Provided data >>
--- START ---
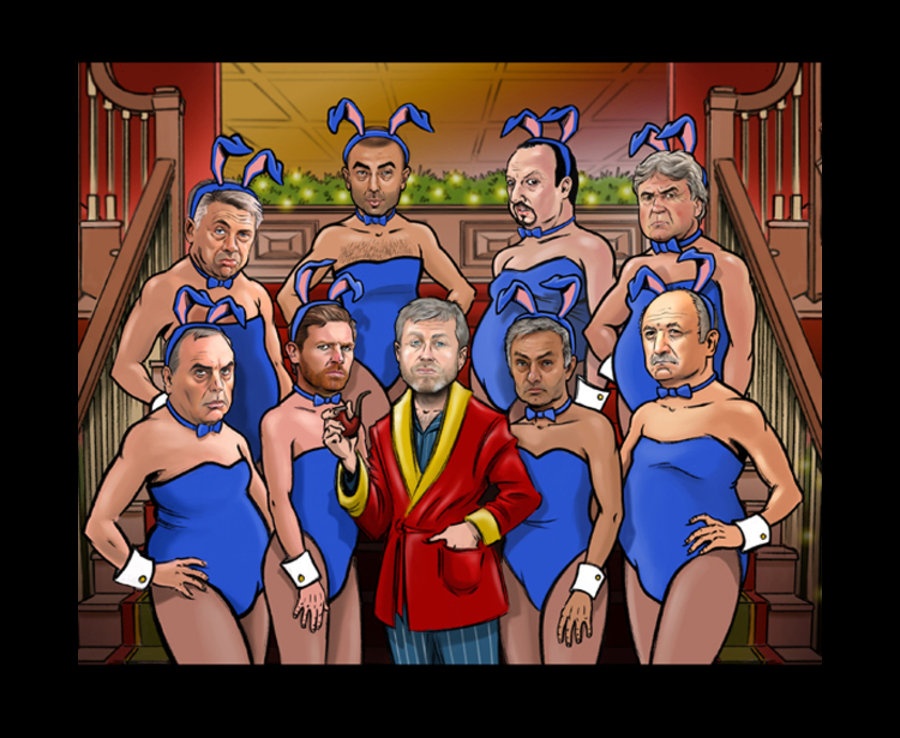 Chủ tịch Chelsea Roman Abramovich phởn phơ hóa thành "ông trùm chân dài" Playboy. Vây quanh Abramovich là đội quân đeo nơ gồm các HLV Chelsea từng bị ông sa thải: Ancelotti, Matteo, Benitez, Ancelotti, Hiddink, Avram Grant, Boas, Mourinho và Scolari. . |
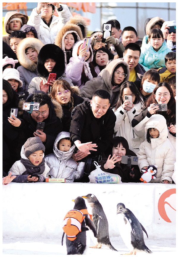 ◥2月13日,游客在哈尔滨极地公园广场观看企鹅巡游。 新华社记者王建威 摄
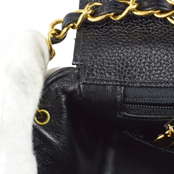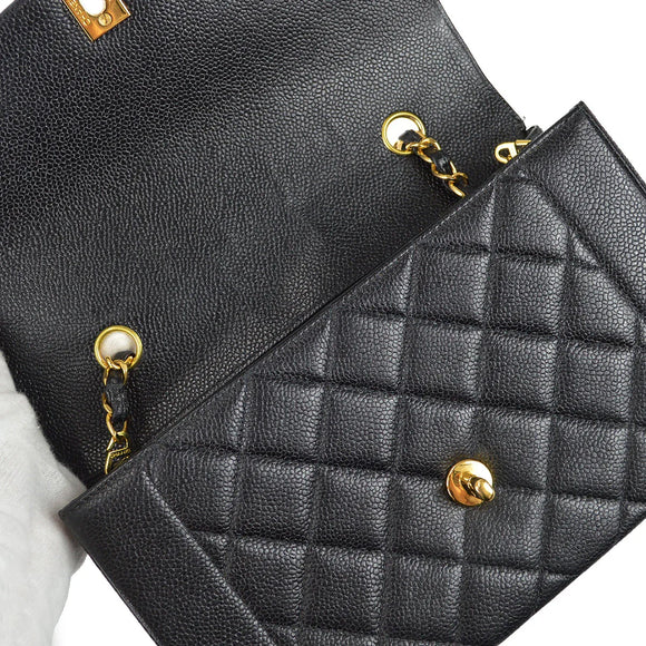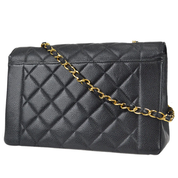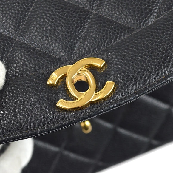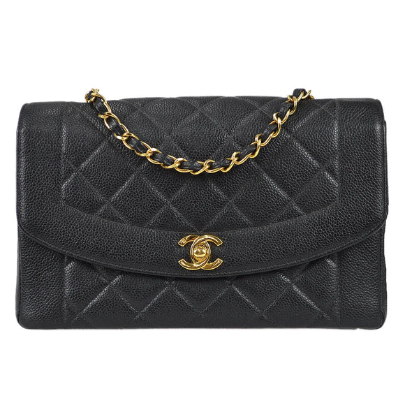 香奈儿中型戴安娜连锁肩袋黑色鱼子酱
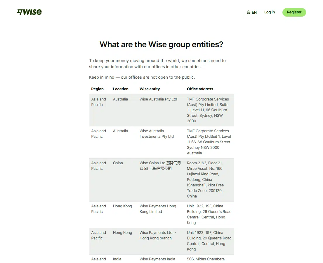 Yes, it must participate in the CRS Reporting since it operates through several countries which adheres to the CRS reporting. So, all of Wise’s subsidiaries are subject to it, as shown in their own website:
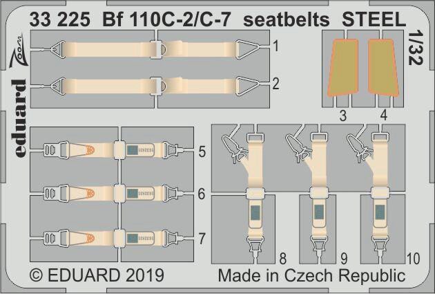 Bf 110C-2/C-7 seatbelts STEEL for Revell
--- END ---
--- START ---
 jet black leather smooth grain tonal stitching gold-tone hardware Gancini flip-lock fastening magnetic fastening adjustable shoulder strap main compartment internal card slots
--- END ---
Work task >> Copy out exactly the lines above beginning with the line that contains "Yes, it must" and finishing with the line that contains "Bf 110C-2/C-7 seatbelts STEEL for Revell", including both; leave the pictures out.

Result of this exercise >>
 Yes, it must participate in the CRS Reporting since it operates through several countries which adheres to the CRS reporting. So, all of Wise’s subsidiaries are subject to it, as shown in their own website:
 Bf 110C-2/C-7 seatbelts STEEL for Revell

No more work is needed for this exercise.